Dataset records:
»»
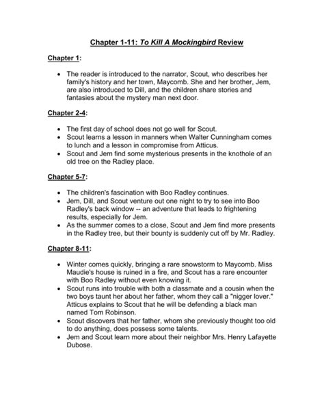 That mockingbirds are pure and that it is a sin, as. Scout provides readers with the. To kill a mockingbird opens with scout recalling the events leading up to when her brother, jem, broke his arm when he was almost 13. That mockingbirds are pure and that it is a sin, as. Web summary and analysis part 1: The symbolization between boo radley and tom robinson as a nightingale. Chapter 1 introduces the reader to the book’s narrator, jean louise finch, who is more commonly known as scout. It is a concise and clear statement. Web terms in this set (11) chapter 1 introduces the main characters jem ,scout,dill, calpurnia ,atticus shows some history on the family and the mysterious figure boo radely who. Scout begins her story by recounting. Web to kill a mockingbird chapter summary in under five minutes!
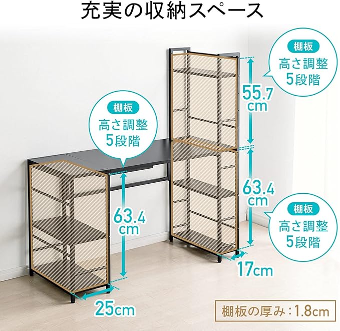 1台のデスクを家族内でシェアしたり、勉強机や作業台としての使用に最適です。シェルフの収納部分の棚板は高さ調整が可能です。
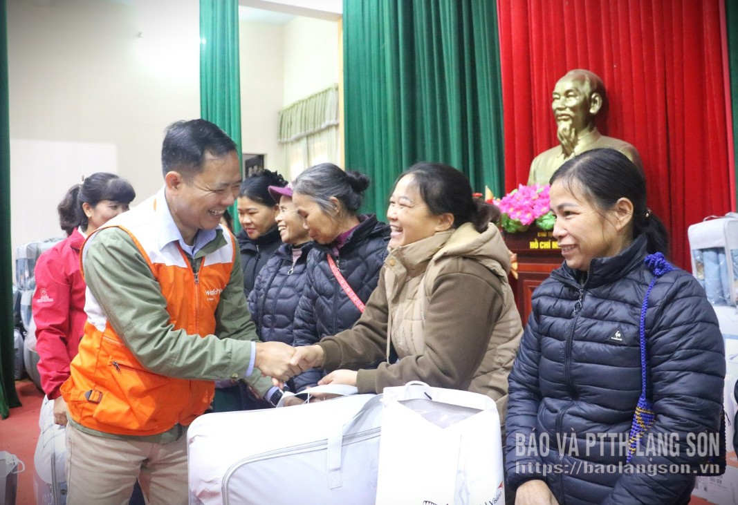 Đại diện tổ chức World Vision International tại Việt Nam trao quà cho các hộ dân bị ảnh hưởng bởi mưa bão tại xã Thất Khê
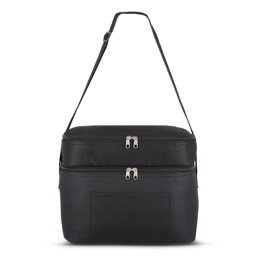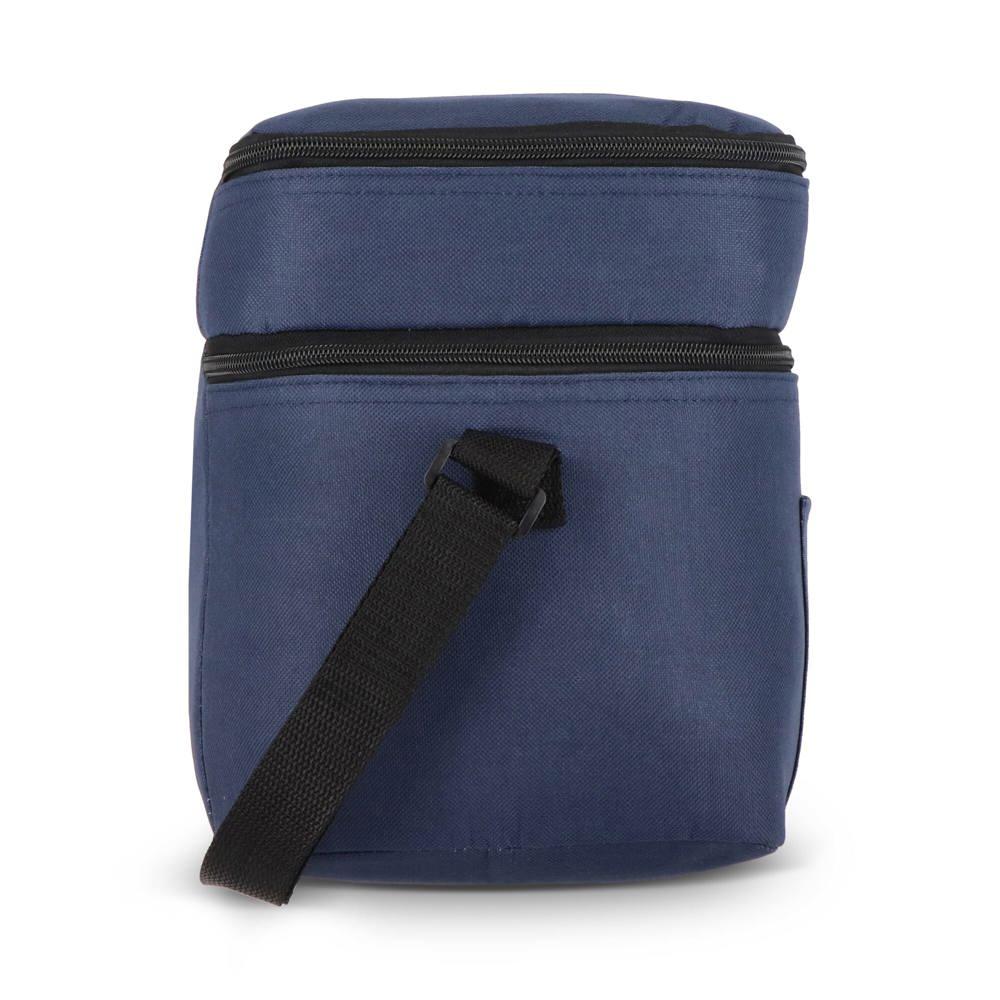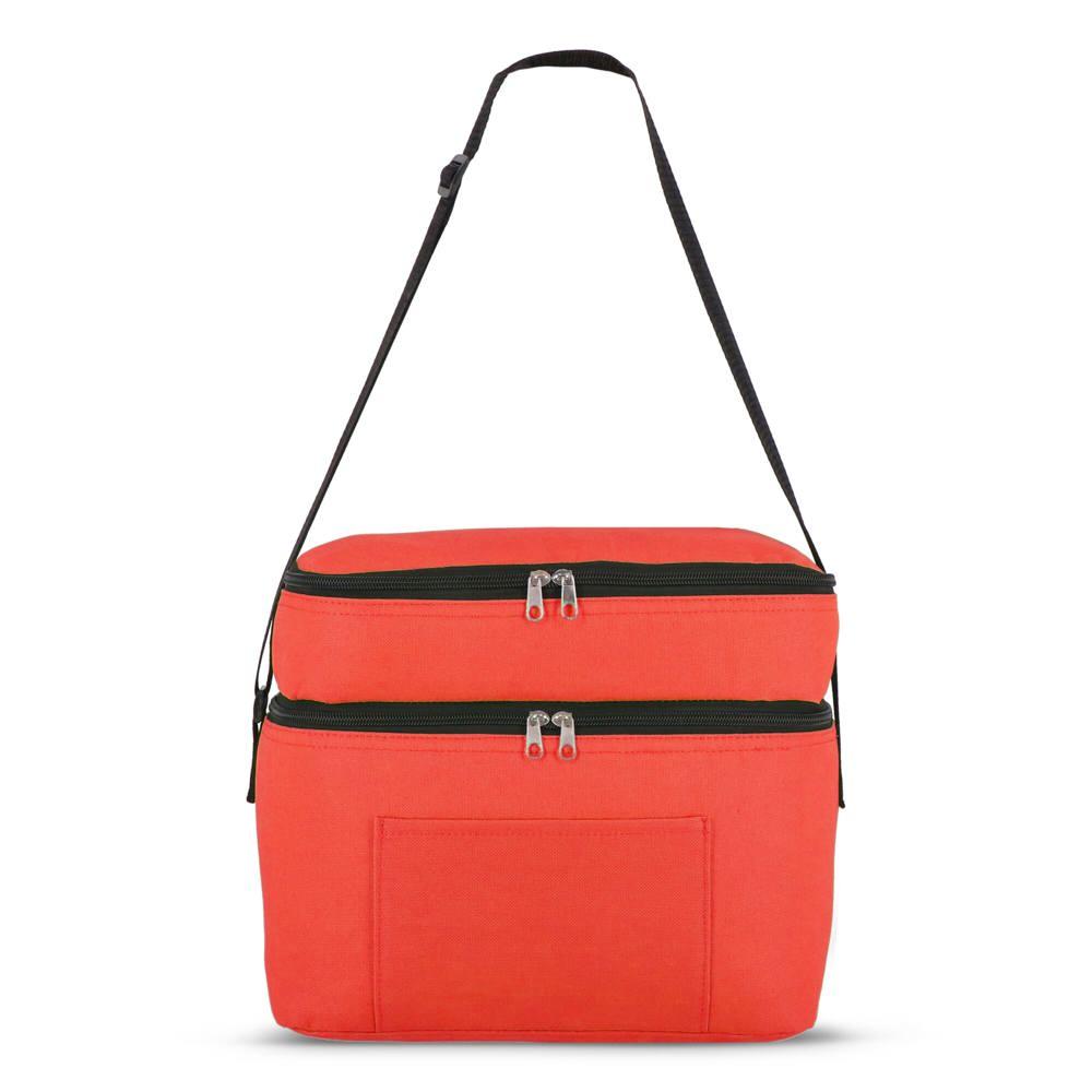 12L Koeltas gemaakt van duurzaam gerecycled PET 600D. Ontwerp met twee compartimenten voor het georganiseerd houden van voedsel. Voorzien van een aluminiumfolie voering en een voorvak. Praktisch en ruim.
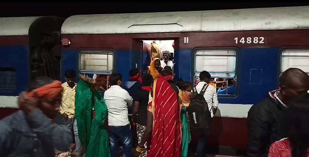 ट्रेनों की कमी से आखरी ट्रेन में काफी भीड़
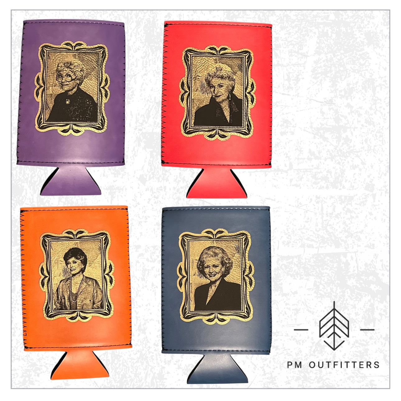 Introducing the Golden Girls Leatherette Slim Can Koozies - the perfect accessory for your slim cans! Each custom-designed gold leatherette patch featuring one of the iconic Golden Girls is adorned to a koozie in the color representative of each Girl’s personality. Collect all 4 for the ultimate Golden Girls fan experience!
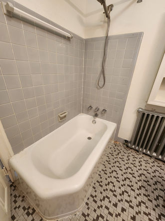 • Ceramic tile bath w/full-size tub, vanity, mirror & designer lighting
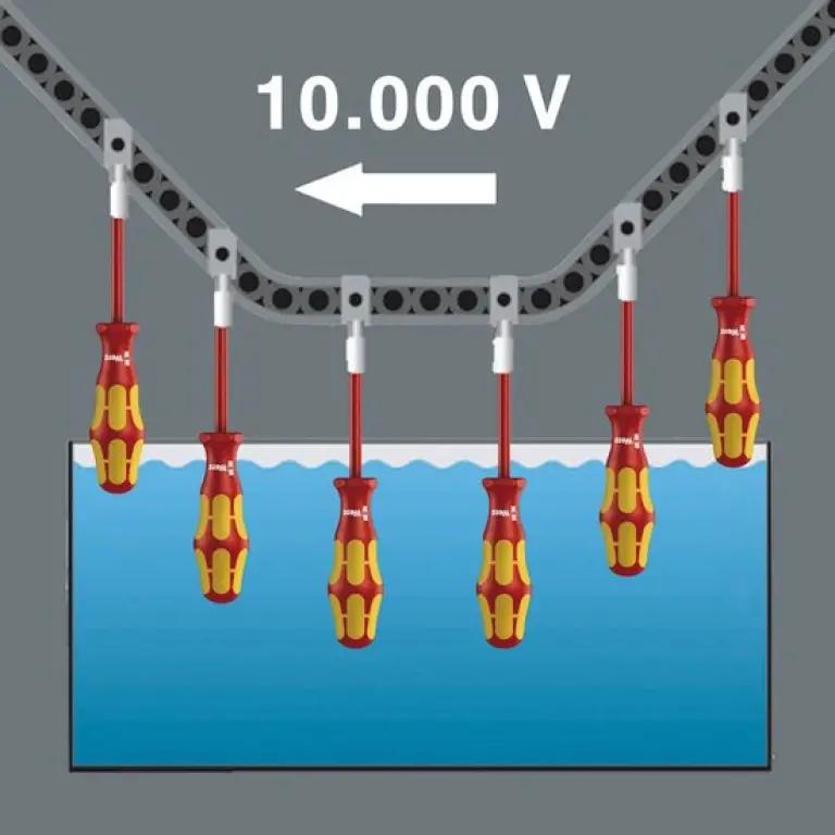 De Wera 05105631001 handschroevendraaierset is speciaal ontworpen met het VDE-keurmerk, wat betekent dat je veilig aan elektrische installaties kunt werken. Deze set is perfect voor iedereen die op zoek is naar betrouwbare en veilige schroevendraaiers die voldoen aan hoge veiligheidsnormen.
««
**WHAT YOU NEED TO DO**. Write out the lines that run from the line containing "mirror & designer lighting" to the end of the entries, inclusive, exactly as written. Skip every picture.

**ANSWER TO THIS EXERCISE**.
 • Ceramic tile bath w/full-size tub, vanity, mirror & designer lighting
 De Wera 05105631001 handschroevendraaierset is speciaal ontworpen met het VDE-keurmerk, wat betekent dat je veilig aan elektrische installaties kunt werken. Deze set is perfect voor iedereen die op zoek is naar betrouwbare en veilige schroevendraaiers die voldoen aan hoge veiligheidsnormen.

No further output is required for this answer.